Я было шагнула к ней, но Зинка, остановив меня, спросила:

- Это за что он ее так?

- Танька попросила ягод… Ну, он разрешил, только с уговором: пусть берет крыжовника, сколько унесет в руках, а он за это… один раз… прутом… Танька сама согласилась, - сбивчиво рассказывала Алька.

- А ты тоже крыжовник ела? - нахмурясь, спросила Зинка.

- Ела, - едва слышно сказала Алька.

- А прутом не получила? - допытывалась Зинка.

- Нет, - глядя на нее округлившимися от ужаса глазами, прошептала Алька.

- Значит, тебе тоже положено? - прищурив глаза, сказала Зинка.

Я готова была тут же восстановить справедливость, но Зинка, не обращая внимания на мой воинственный вид, сказала Альке:

- Эх ты, жаба! Убирайся отсюда, чтоб я тебя не видела…

Алька, вытряхнув из передника остатки крыжовника, быстро зашагала прочь.

- Эх, зря не дали! Все равно ведь нажалуется! - глядя ей вслед, с сожалением сказала я.

Зинка бросила на меня хмурый взгляд и промолчала. Весь этот день я просидела у нее и решила пойти домой только когда уже совсем стемнело.

К моему удивлению, на меня никто не обратил внимания. Бабушка молча усадила меня есть, и лишь тетя Люся, изобразив на губах подобие улыбки, спросила, не с работы ли я так поздно. Алька за спиной матери делала мне какие-то знаки, но я показала ей кулак, и она, надув губы, обиженно отвернулась.
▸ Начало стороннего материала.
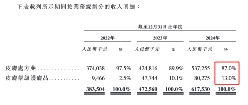 根据聆讯资料集披露,2024年,公司的87%收入来自于皮肤处方药。

Утром, едва я вышла во двор, моим глазам предстала картина полнейшего разгрома на нашем глиняном заводе. Вся посуда была поломана и разбросана, как будто здесь ночью бушевал ураган. Мой новый сервиз, который вызывал зависть у Альки, превратился в бесформенные осколки.

В это утро наша Буренка не шла в поле чинно и важно, как и подобает всякой уважающей себя корове. Мне некогда было с ней церемониться, и я подгоняла ее вовсю. За поворотом я встретила Зинку, которая тоже выгоняла в поле свою рябую Лысуху.
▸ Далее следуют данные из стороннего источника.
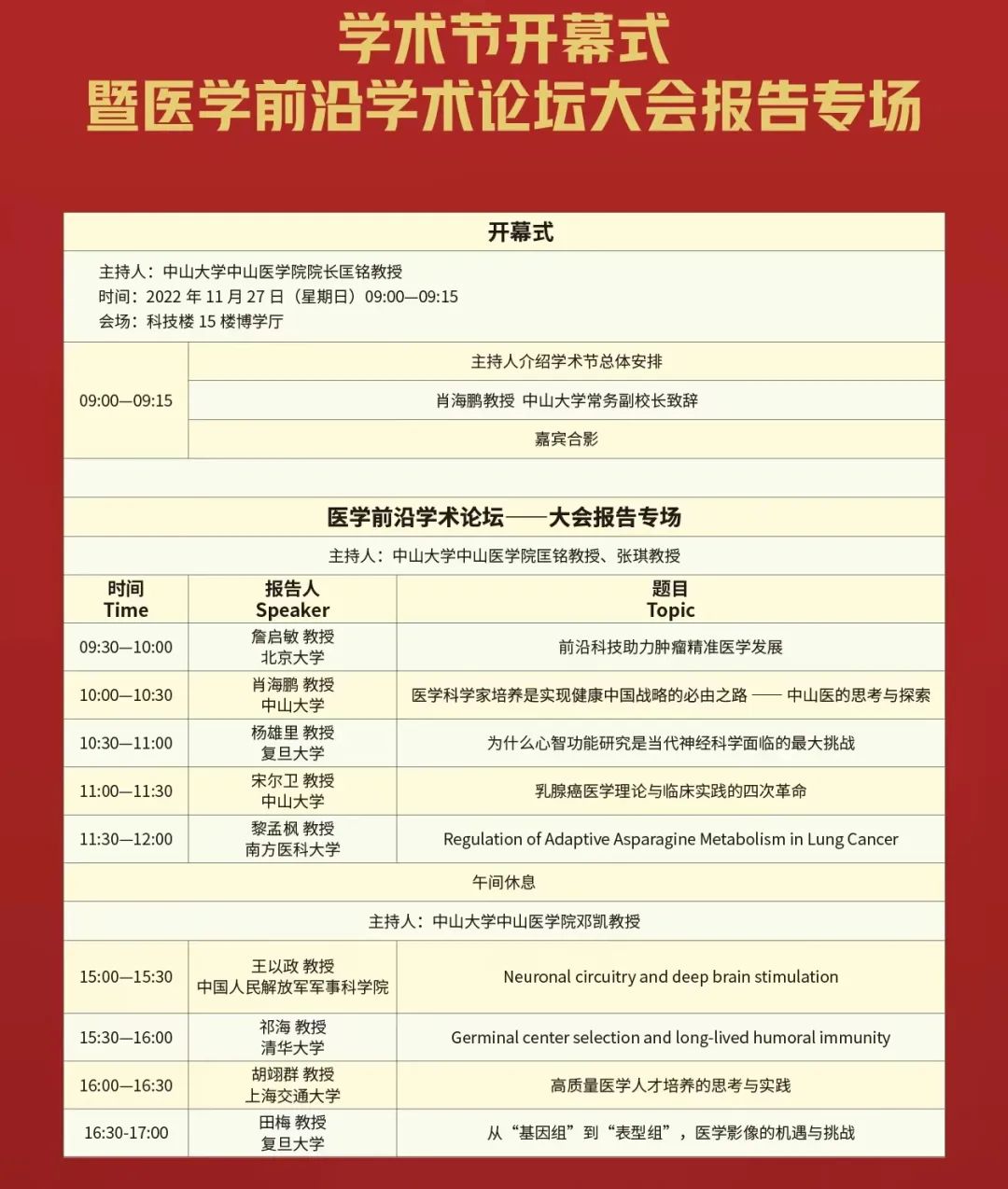 匡铭院长首先向出席本届学术节开幕式的嘉宾和专家致以衷心的感谢,对参加学术节的校内外学者、师生表示热烈的欢迎,对长久以来关心和支持william威廉中文事业发展的同仁表示由衷的感谢,并介绍了我院举办学术节的起源和初衷及第十四届学术节的总体安排。他指出,百年中山医有着深厚的红色基因和悠久的历史底蕴。学院始终发挥医科特色和优势,践行服务社会使命,落实立德树人根本任务。在过去的一年里,william威廉中文坚持立德树人根本任务,扎实推进八年制改革,探索基础医学拔尖人才培养改革;改革体制机制,建立八大基础医学学科系和15个临床医学学科系;在推动科技创新上,紧抓三大建设,在Cell、Cell Stem Cell、Immunity、Eur Heart J等期刊发表重要成果。未来,学院将继续在学校党委的带领下,以党的二十大精神为引领,心怀“国之大者”,坚持“四个面向”,立足大湾区,守正创新,稳步扎实推进学院高质量内涵式发展。最后,他希望为期一周的学术节能为广大师生创造一个自由交流、相互切磋、共同进步的平台与氛围,激发医学生的学习和科研兴趣。

- Алька у нас там все поколотила! Всю нашу посуду! - сказала я Зинке.

- С чего ты взяла, что это она? - спросила Зинка.

- Сама увидишь, - сказала я.

Коровы мчались галопом: Лысуха резво, с охотой, подхлестывая себя хвостом по облезлым бокам, Буренка - недовольно косясь на меня сердитым глазом. Наконец мы от них избавились и побежали к нам.

- Д-да, дела! - задумчиво сказала Зинка, глядя на учиненный погром. Я смотрела на нее, ожидая, что она скажет еще, но Зинка так ничего больше и не сказала. Мы сидели возле нашего дома на завалинке и молчали. Вдруг на крыльце появилась сонная Алька. Не замечая нас, она потягивалась, зевала, потом пошла через двор, осторожно ступая по земле босыми ногами.
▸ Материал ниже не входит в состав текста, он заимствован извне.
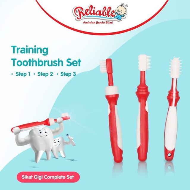 Sikat Gigi Complete Set Baby Sikat Gigi Bayi Reliable 3 Step Sikat Gigi Bayi BPA Free Sikat Gigi 3 in 1 Perlengkapan Mandi Bayi

Увидев разбитую посуду, ахнула и стала тревожно оглядываться по сторонам.

- Ишь ты - удивляется! Может, не она? - шепнула мне Зинка.

- Притворяется! Ты ее еще не знаешь, - уверенно сказала я.

По-прежнему не замечая нас, Алька нагнулась и стала собирать в кучу глиняные осколки.

- Ой, какие хорошенькие чашечки были! Так жаль их ужасно… - ласково приговаривала она.